La mayoría de la gente piensa que el término nació para definir la “solución final” de Hitler: la eliminación de la totalidad del pueblo judío. Pero no es así, el concepto fue presentado por un abogado polaco, Raphael Lemkin en su libro El dominio del Eje en la Europa ocupada, en el que documentaba las políticas de ocupación nazi y las atrocidades de las SS contra los polacos. Lemkin aseguraba que existía un plan nazi para erradicar la identidad nacional polaca. Naciones Unidas incorporó el concepto de genocidio al derecho internacional en 1948, y desde entonces se utiliza con demasiada frecuencia para señalar cualquiera de las brutalidades y salvajadas que los hombres somos capaces de cometer.
Hay quien considera que lo que Israel está haciendo en Gaza es un genocidio. A veces resulta difícil no asumir esa definición, y ya abundan los expertos y organismos internacionales que la utilizan.

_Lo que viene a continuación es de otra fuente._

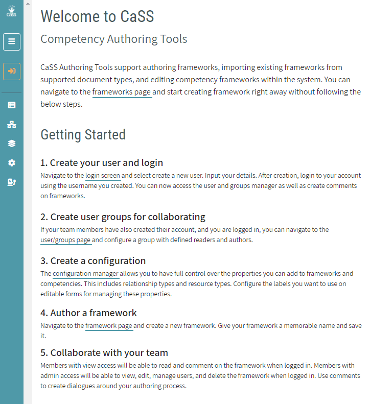 Visit the CaSS project for more information, including a 2020 report on the Competency Framework Development Process, and 2021 reports and guides for the CaSS Authoring Tools.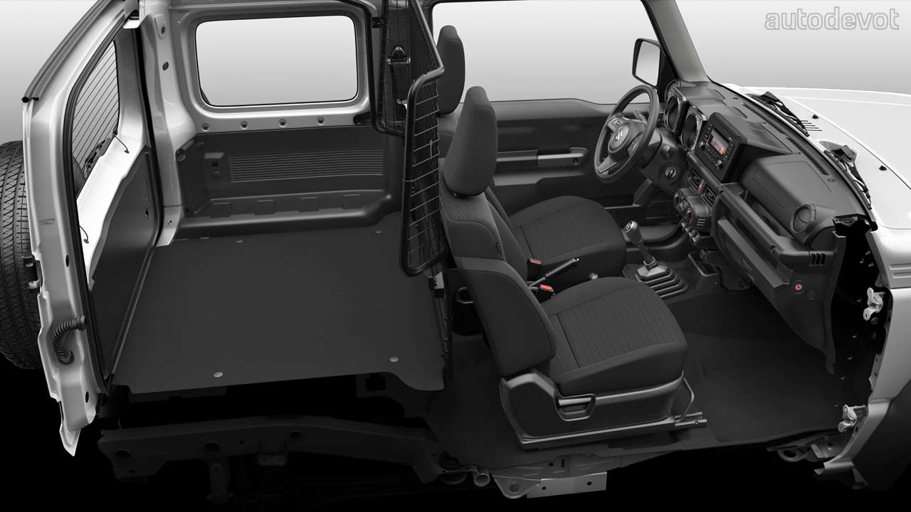 The rear seats have been let go for a flat cargo space, and there’s also a safety cargo partition. The exact cargo capacity will be 863-litres — 33-litres more than the passenger version when the rear seats are folded down. The Jimny LCV will also come with safety systems including Dual Sensor Brake Support (DSBS), and eCall — an emergency messaging function in case of a collision.

Pero lo que Israel hace en Gaza es –a mi juicio- otra cosa distinta: una represalia desmesurada frente al ataque criminal de Hamás en octubre de 2023, un abuso de fuerza sin contención ni misericordia, la voluntad de imponer un imposible cordón de protección sobre territorio israelí, y –sobre todo- la violación sistemática de las leyes de la guerra. Netanyahu debería responder por crímenes de lesa humanidad, porque ordenar bombardeos masivos contra barrios enteros, matar de hambre a la gente, expulsar a dos millones de personas de su tierra, y arrasar hospitales y escuelas, no es defensa: es castigo colectivo. La muerte de miles de niños gazatíes no responde a un plan genocida, sino a la fría lógica de un Estado que decide que el precio a pagar por eliminar a sus enemigos es arrasar con todo lo que se interponga. Israel es culpable, como antes fue víctima. Y lo es bajo la dirección de un político sin escrúpulos, venal, corrupto, y al que la muerte de miles de personas inocentes, si le ayuda a mantenerse en el poder, no le quita el sueño. Mientras se discute si lo de Gaza es o no genocidio, Netanyahu avanza en su estrategia de destrucción. Las palabras son importantes, pero no devuelven la vida a los muertos ni alivian el sufrimiento de los vivos.
Al final, más allá de la semántica, hay una verdad vieja como la guerra: siempre mueren más pobres que ricos, más inocentes que culpables. En Gaza, esa regla se cumple con una ferocidad que debería avergonzar a quienes pretenden justificarla.